Отец работал исключительно из высоких идейных побуждений, не ждал от Ежова награды или чекистского звания, хотя не был аттестован с самого начала своей работы за рубежом и, безусловно, был достоин высокой награды государства. Упомянул, правда, своего хорошего знакомого В. С. Гражуля, разведчика-нелегала, врача по образованию, который незадолго до этого был награжден орденом Красного Знамени и получил звание капитана госбезопасности за участие в похищении группой захвата в сентябре 1937 года на перекрестке парижских улиц, средь бела дня, бородатого царского генерала Евгения Миллера, руководителя антибольшевистского Русского общевоинского союза. Вениамина Семеновича вскоре уволили из органов, направили на должность главного врача гражданской клиники. Вернулся он в кадры внешней разведки через несколько лет — начальником учебного отдела разведывательной Школы особого назначения в Балашихе.

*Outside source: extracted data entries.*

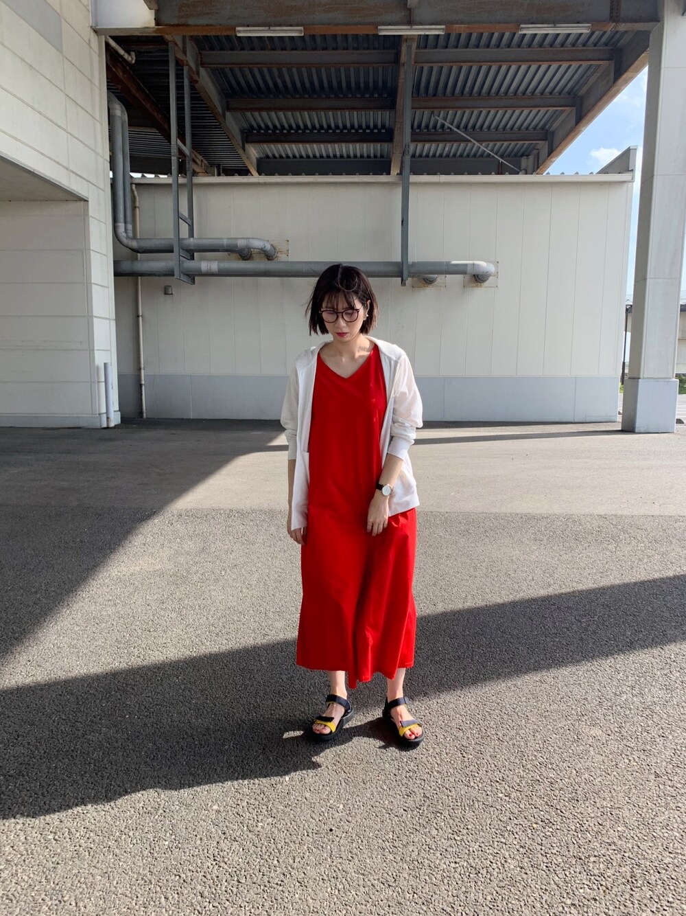 myonのワンピース「マーセライズコットンAラインロングワンピース(ノースリーブ)」を使ったコーディネート
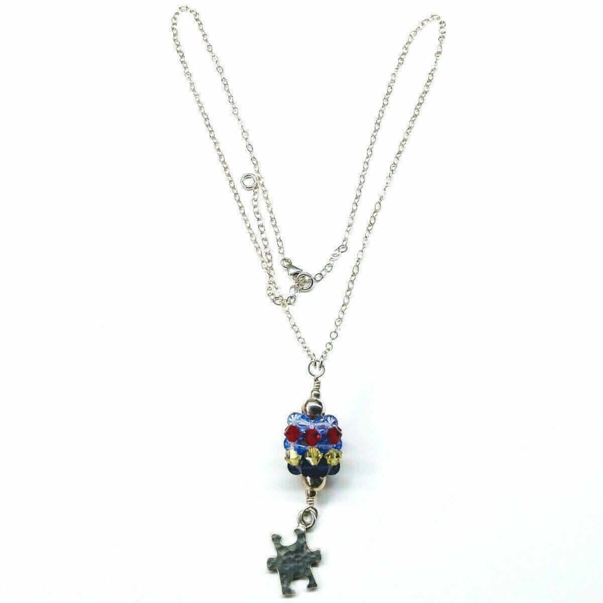 Raise Awareness differently and in style with sterling silver Autism Awareness Crystal colored barrel pendant with a hammered puzzle piece charm. Adjustable necklace
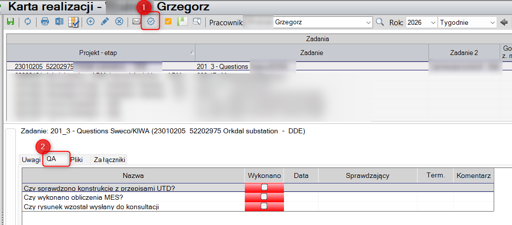 Raport daje możliwość wyboru interesującego nas projektu i weryfikacji, czy wszystkie QA zostały wykonane (kolumna ‘QA’). Jeśli QA zostały wykonane częściowo można edytować zadanie klikając prawym klawiszem myszy->’Edytuj’ albo używając symbolu ołóweczka (znajduje się nad listą zadań). W panelu zadania należy przejść do zakładki ‘QA’, gdzie możliwa jest weryfikacja szczegółowa. Jeśli zadanie nie ma wykonanych wszystkich czynności QA, PM może zmienić status zadania z ‘Do sprawdzenia’ na ‘Wykonywane’ (w panelu zadania), kierując zadanie do wykonawcy celem dokończenia.
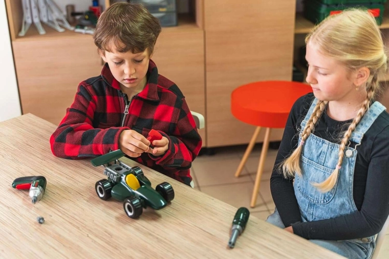 Budowanie i rozkręcanie auta jest intuicyjne i bezpieczne. Dzieci poćwiczą koordynację ręka–oko, logiczne myślenie oraz cierpliwość, a jednocześnie będą się cieszyć dynamiczną jazdą gotowym modelem. Dzięki wymiennym elementom (np. spojlerom) i naklejkom każdy mały mechanik dopasuje pojazd dokładnie do swoich wyobrażeń.
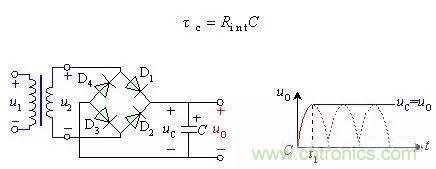 式中包括變壓器副邊繞組的直流電阻和二極管的正向?qū)娮?。由于一般很小,電容器很快就充到交流電壓u2的最大值,如波形圖2(b)的時(shí)刻。此后,u2開始 下降,由于電路輸出端沒接負(fù)載,電容器沒有放電回路,所以電容電壓值uC不變,此時(shí),uC>u2,二極管兩端承受反向電壓

Мы с мамой долго ждали возвращения отца с приема у наркома, потом легли спать. В 4 часа утра нас разбудил стук в дверь. На пороге стояли двое сотрудников НКВД — Иванов и Ландин — и какие-то гражданские. Нам объявили, что отец арестован как враг народа. Они провели обыск спокойно и деловито, несмотря на растерянность и боль, переживаемую мамой и мной.
Ничего подозрительного ночные визитеры не нашли, однако забрали мои письма к родителям и записные книжки мамы, пишущую машинку с латинским шрифтом, отцовский фотоаппарат «Лейка» и мой «Кодак-Ретина», а также валюту различных стран.
Утром пришел Игорь. Он был угрюм и, как всегда, немногословен. Помогал маме во время сборов, так как мы были вынуждены покинуть гостиницу. Вслед за ним на первое занятие по русскому языку пришел немолодой преподаватель, с которым накануне была достигнута договоренность о частных уроках со мной. Мама попыталась заплатить ему за несостоявшееся занятие, однако преподаватель, извинившись, быстро удалился. Он все понял и казался испуганным. Потом я выпустил щегла из клетки. Щегол из окна гостиничного номера улетел в сторону Кремля. Игорь молча наблюдал за мной... Мое сердце разрывалось, я еле сдерживал рыдания... Сочувствия, казалось, было ждать не от кого. До этого мое детство было безоблачным и беззаботным.
Много лет спустя, во время посещения Музея СВР в Ясенево, увидев фотографию Игоря на одном из стендов, я спросил у сопровождающего меня полковника о судьбе Игоря Кедрова, которого я хорошо помнил и к которому питал уважение. Мне было сказано, что его нет в живых. После обращения в адрес Сталина и ЦКК с заявлением о нарушениях социалистической законности Кедров в 1940 году был расстрелян. Мне стала понятна грусть в глазах Игоря во время нашей последней встречи утром 28 мая 1938 года.
Наша справка. Кедров Игорь Михайлович (1908-1940). Сын Михаила Сергеевича Кедрова, одного из руководителей ВЧК в годы Гражданской войны (1878-1941). Сотрудник центрального аппарата ИНО ОГЛУ, начальник отделения третьего отдела ГУГБ НКВД. В феврале 1939года вместе со своим другом старшим уполномоченным КРО ГУГБ НКВД лейтенантом госбезопасности В. П. Голубевым (1913-1940) обратился в адрес Сталина и ЦКК с заявлением о нарушениях социалистической законности и не-достатках в работе органов НКВД. Репрессирован.